I'm experimenting with setting up OCR workflows on AWS to handle academic PDFs that can be scanned or have complex layouts like multi-columns and footnotes. My goal is to convert these PDFs into clean Markdown for further processing. Currently, I've been testing locally with Tesseract in Docker and recently tried using OCRFlux since it supports cross-page tables and multiple languages.
Here's what I've tried so far:
1. **EC2**: I used a g4dn/x86 instance which was straightforward for OCRFlux with CUDA support. It's cost-effective if I run batch jobs a few times a week, but it feels wasteful to have an instance constantly running for bursty tasks.
2. **Lambda**: I attempted to squeeze a lightweight version of Tesseract into Lambda, which worked for single-page PDFs but struggled with larger files due to memory and timeout limits. The lack of GPU also affects performance here.
3. **EKS**: This was the most complex but scalable, as I containerized OCRFlux and utilized Kubernetes for document processing. It works well for larger batches, though costs can increase based on GPU use.
Now, I'm curious about the best balance between cost and ease of orchestration for processing 500-1000 PDFs a month. Has anyone had experience with Batch or Fargate for this? Lambda feels limited for the workload, while EC2 seems too manual. Additionally, I wonder if anyone's done OCR with Textract or Comprehend and how well that worked given my need for layout fidelity.
2 Answers
Why didn’t you consider using Amazon Textract from the start?

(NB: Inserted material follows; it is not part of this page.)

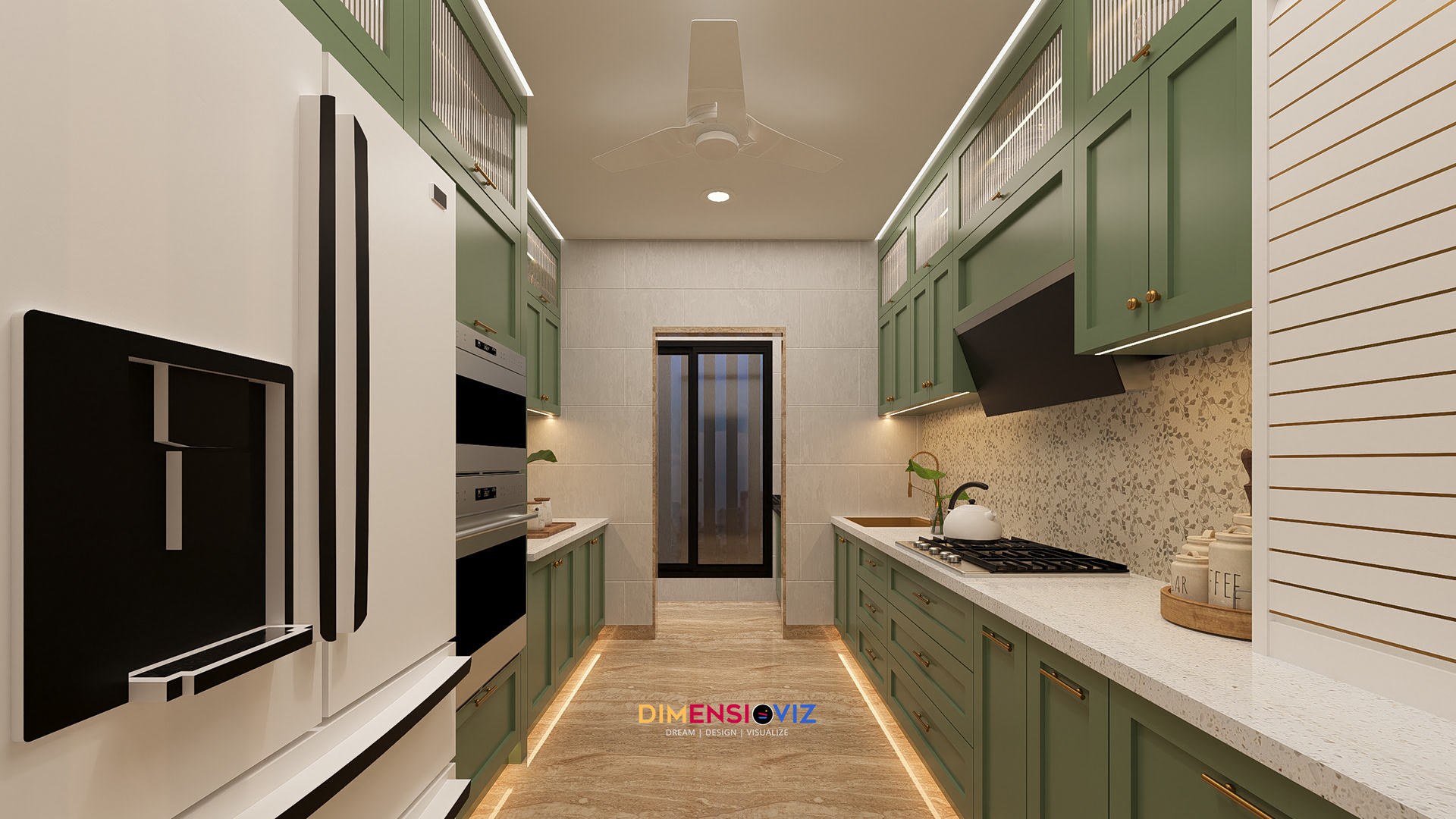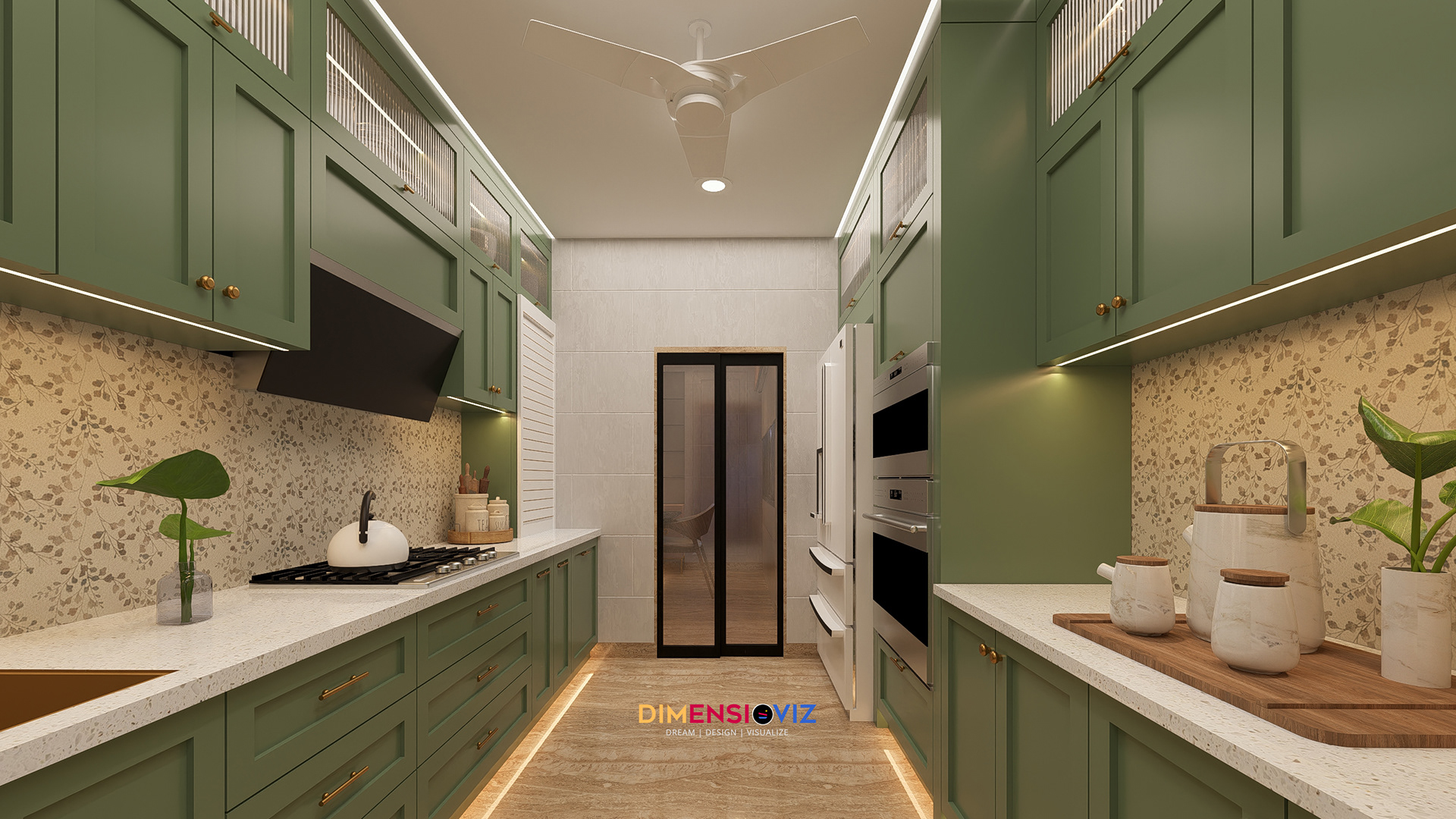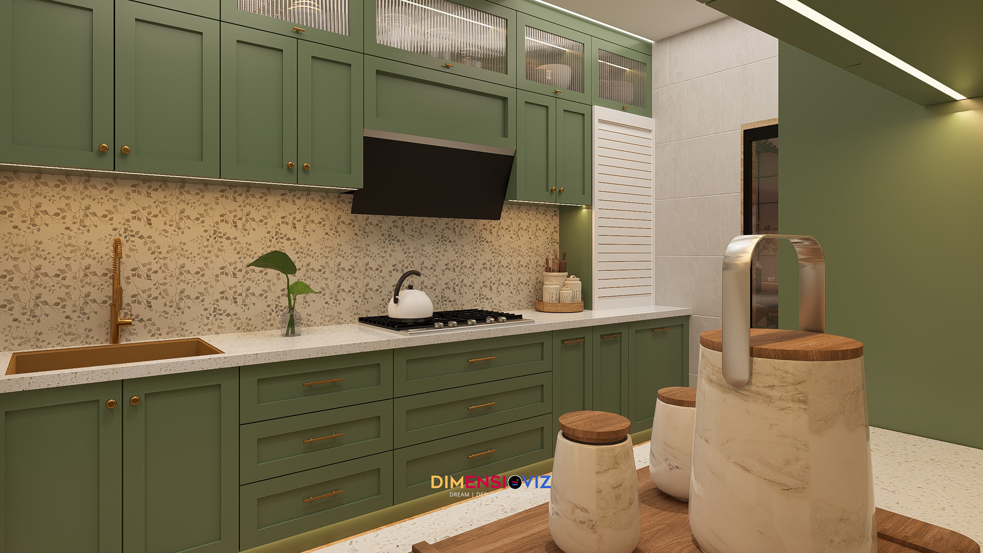 Kitchen 3D Visualization — A warm, modern interior designed with soft green cabinetry, textured surfaces, and clean lighting. This concept focuses on balanced proportions, functional layout, and a refined material palette that brings comfort and elegance into the space. The design features classic shaker-style cabinets, paired with ribbed glass uppers and brushed brass hardware, adding character while maintaining a contemporary feel. A stone-textured backsplash, subtle under-cabinet lighting, and integrated built-in appliances enhance the realism and functionality of the composition. The neutral walls and flooring create contrast that highlights the fresh green tones and the overall visual harmony. Every element—from the lighting accents to the detailed materials—was crafted to create a calm, practical, and aesthetically pleasing kitchen environment. Explore the render, notice the detailing, and follow for more interior visualization projects.

It could handle the OCR tasks without much hassle, especially for structured data.
If you're not using GPUs, check out Trigger.dev. They have machines with 16 GB RAM and built-in queue support, which works great for single-document OCR without the need for a GPU. You can also code it to manage memory effectively since it's a long-running process.
Yeah, I was wondering the same thing. Textract might save you a lot of development time!